Изменить стиль страницы

Потом подошел к самой толстой, сваленной на дорожке, присел на корточки перед разрезом и, с нежностью глядя на желтые, налитые смолой кольца, бормотал:

— Вот ты какая большая, да справились и с тобой, а? Увезли бы тебя в город, — а теперь останешься у своих, у хозяев, образа на тебя повесим, святой водой тебя ксендз окропит…

Пан Яцек слушал и едва заметно усмехался. Поговорив с Рохом, он взял скрипку подмышку и пошел межой к лесу. А Рох еще некоторое время сидел у Веронки и выслушивал новости.

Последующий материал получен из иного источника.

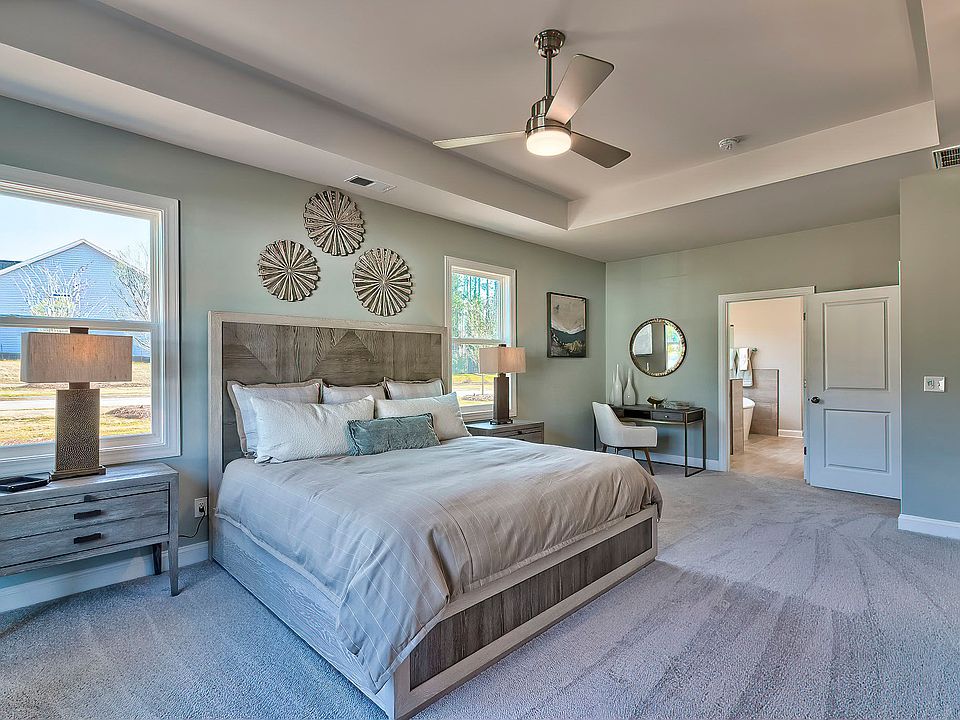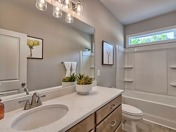The popular Ransford floorplan provides main floor living at its best! This open concept layout, finished with high ceilings in the family room, is perfect for entertaining friends and family. To make entertaining a breeze there is also a formal dining space with butler's pantry for hosting fun dinner parties. The sleek and stylish gourmet kitchen is every chef's dream, complete with a large kitchen island along with designer finishes to include pendant lighting, tile backsplash, stainless steel appliances and more. The primary suite is the ultimate retreat finished with an elegant bathroom with tile floors and a seated tile shower. Step upstairs to enjoy a huge flex room, perfect for any man cave, playroom, or fitness area and an attached bedroom with full bathroom. This home features a lovely sunroom where you can enjoy the views of the common area with plenty of natural surroundings. Photos used are for illustrative purposes only.

Близился вечер, и жара спала, от лугов даже тянуло прохладой, да и с самого полудня дул ветер и молодая рожь на полях ходила волнами. Порой казалось — вот-вот это бурное море колосьев хлынет на межи и дороги и затопит их, но они только ударялись о землю желтыми гривами и подавались назад, как табун вставших на дыбы жеребцов. Ветер налетал со всех сторон и трепал их, забавляясь, и опять волновались нивы, полные желтых бугров, зеленых излучин, ржавых струй, шелеста и свиста. А над ними высоко в небе звенели жаворонки, порой пролетала стая ворон, то кружась в воздухе, то садясь отдыхать на деревьях. Солнце, уже багровое, клонилось все ниже к западу, и по полям и садам, метавшимся под ветром, как стада на привязи, медленно разливался алый свет догорающего дня.

Был канун праздника, и люди сегодня раньше уходили с поля. Женщины на крылечках плели венки для алтарей, дети приносили охапки зелени. Перед домами Плошки и мельника навалены были молодые березки и елочки, их вкапывали в землю там, где собирались ставить алтари. Кое-где девушки уже убирали ветками избы, приводили в порядок дорогу, засыпая выбоины. У озера еще стирали несколько баб, слышался стук вальков и крики чем-то испуганных гусей.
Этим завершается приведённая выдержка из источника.